Штромм внезапно, рывком поднялся из кресла, и комната сразу показалась меньше, потолок ниже. Невысокий, но крепкий, уверенный в каждом своем движении и слове, этот человек словно поглощал пространство вокруг себя.

– Мне пора ехать, – заявил он, обращаясь к Александре. – Но сперва я должен кое-что вам показать! Оля, открой-ка нам в кабинете отца шкаф, где лежат четки со сверчками.

В тишине пронзительно зазвенела чайная ложка – Ольга выпустила ее из пальцев и уронила на пол. Наклонилась, чтобы поднять, выпрямилась, раскрасневшись, убирая волосы со лба:

– Да, идемте, конечно… Это на втором этаже.
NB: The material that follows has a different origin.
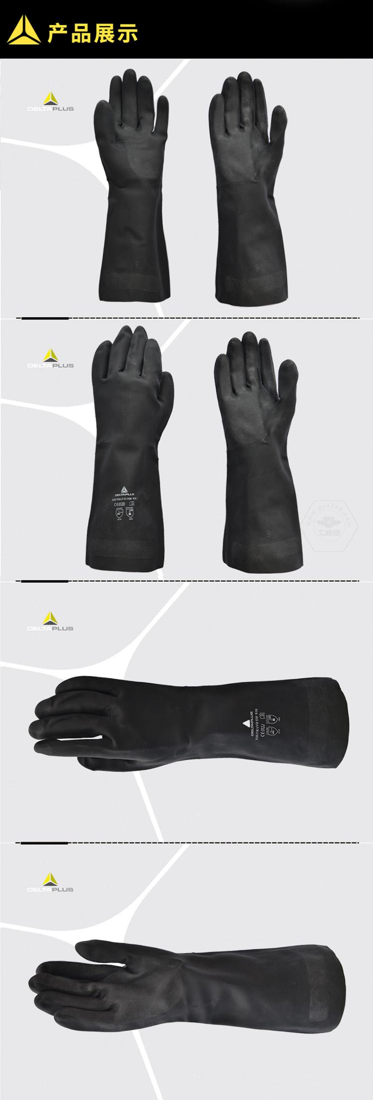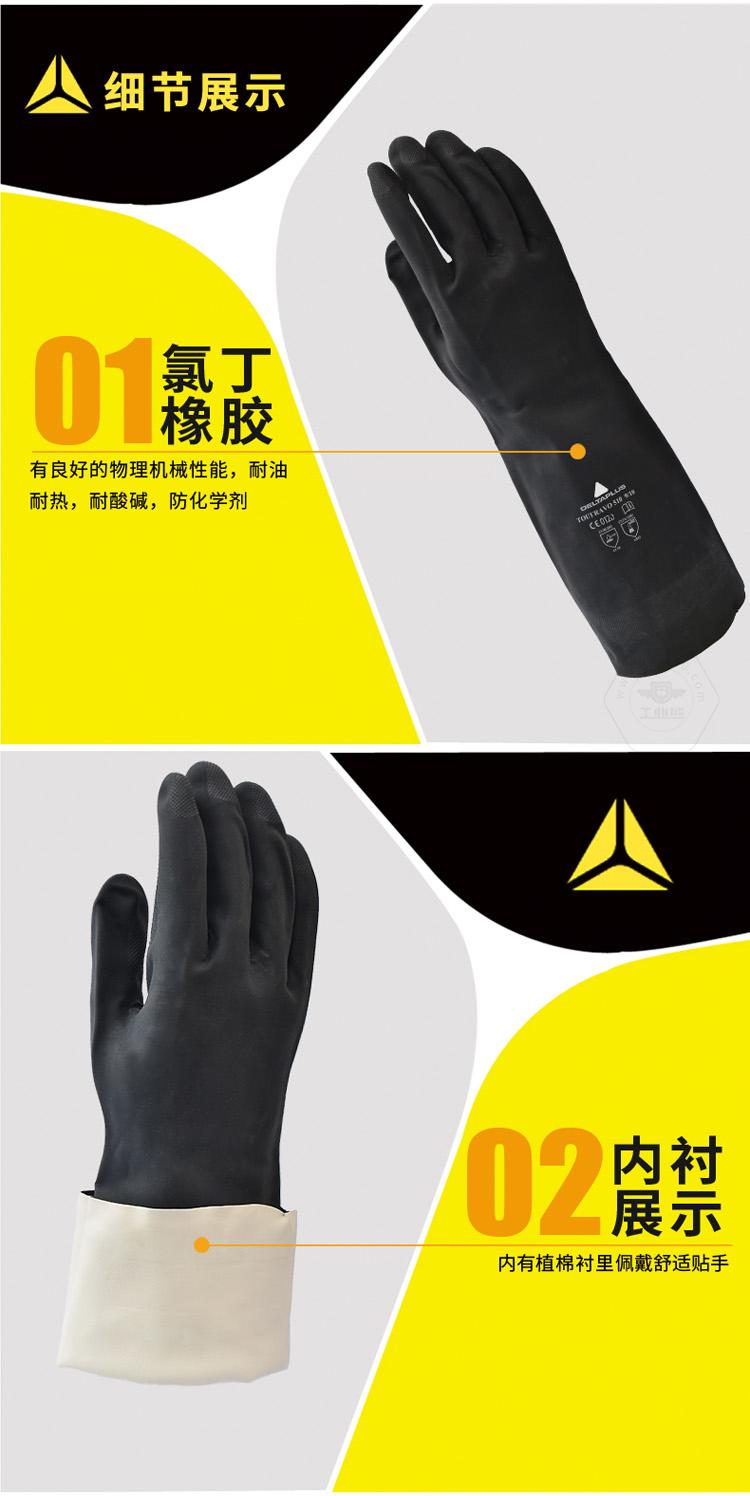 商品名稱:代爾塔 耐油耐熱防酸堿 工作勞保手套 防化防護(hù)手套 勞保用品 201510 黑色 一副(2只)

Ни на кого не глядя, она первая стала подниматься по лестнице. Штромм последовал за ней, жестом приглашая с собой Александру. Та поспешила присоединиться. На середине лестницы Штромм обернулся, склонился к художнице и негромко произнес:

– Из-за этих четок и убили Игоря. Сейчас вы увидите, какой может быть цена человеческой жизни.

Глава 2

Воздух в кабинете покойного коллекционера был стылый, неподвижный, каким он бывает в нежилых комнатах, где не говорят, не смеются, не дышат люди. Лица Александры словно коснулась холодная влажноватая ладонь. Она передернула плечами, оглядываясь, в то время как Ольга возилась у самого дальнего шкафа, отпирая дверцу, а Штромм ходил из угла в угол, тут и там щелкая выключателями. По стенам и под потолком медленно, неохотно разгорались белые матовые плафоны, изливая приглушенный молочный свет.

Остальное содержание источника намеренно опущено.